_SUPPLIED MATERIAL_:
+++++

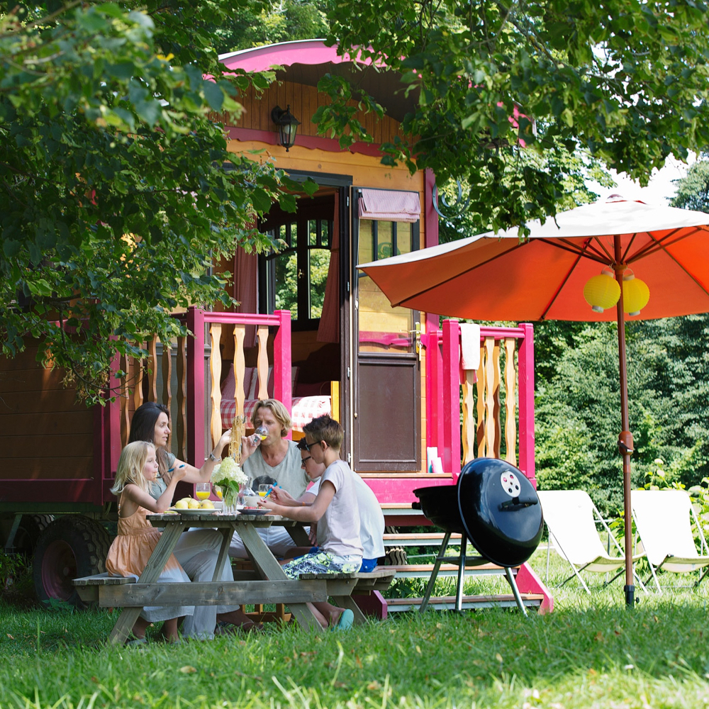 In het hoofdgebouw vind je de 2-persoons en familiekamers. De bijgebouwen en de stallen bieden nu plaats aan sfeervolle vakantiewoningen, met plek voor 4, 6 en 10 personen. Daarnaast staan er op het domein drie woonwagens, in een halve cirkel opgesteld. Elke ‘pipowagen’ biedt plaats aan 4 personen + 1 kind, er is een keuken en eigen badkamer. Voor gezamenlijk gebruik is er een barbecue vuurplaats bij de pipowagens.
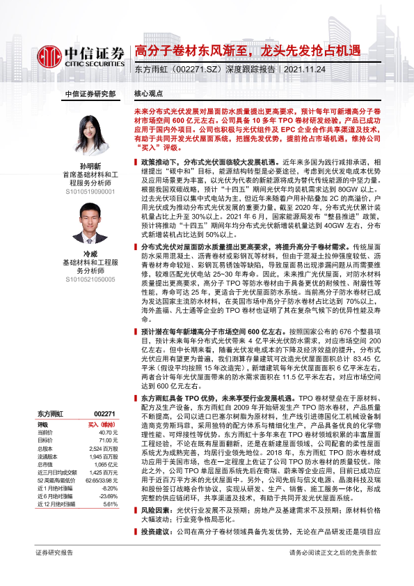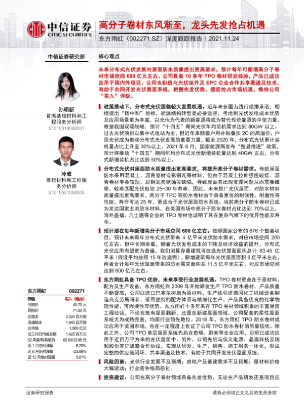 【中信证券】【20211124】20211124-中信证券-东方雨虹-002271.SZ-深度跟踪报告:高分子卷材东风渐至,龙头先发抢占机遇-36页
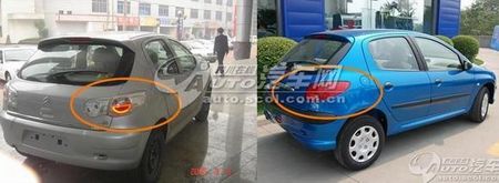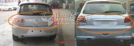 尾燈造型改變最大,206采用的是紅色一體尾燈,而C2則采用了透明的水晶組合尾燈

+++++

_ABOUT THIS TASK_: Quote the listing above in full, except for the pictures.

_EXERCISE OUTPUT_:
 In het hoofdgebouw vind je de 2-persoons en familiekamers. De bijgebouwen en de stallen bieden nu plaats aan sfeervolle vakantiewoningen, met plek voor 4, 6 en 10 personen. Daarnaast staan er op het domein drie woonwagens, in een halve cirkel opgesteld. Elke ‘pipowagen’ biedt plaats aan 4 personen + 1 kind, er is een keuken en eigen badkamer. Voor gezamenlijk gebruik is er een barbecue vuurplaats bij de pipowagens.
 【中信证券】【20211124】20211124-中信证券-东方雨虹-002271.SZ-深度跟踪报告:高分子卷材东风渐至,龙头先发抢占机遇-36页
 尾燈造型改變最大,206采用的是紅色一體尾燈,而C2則采用了透明的水晶組合尾燈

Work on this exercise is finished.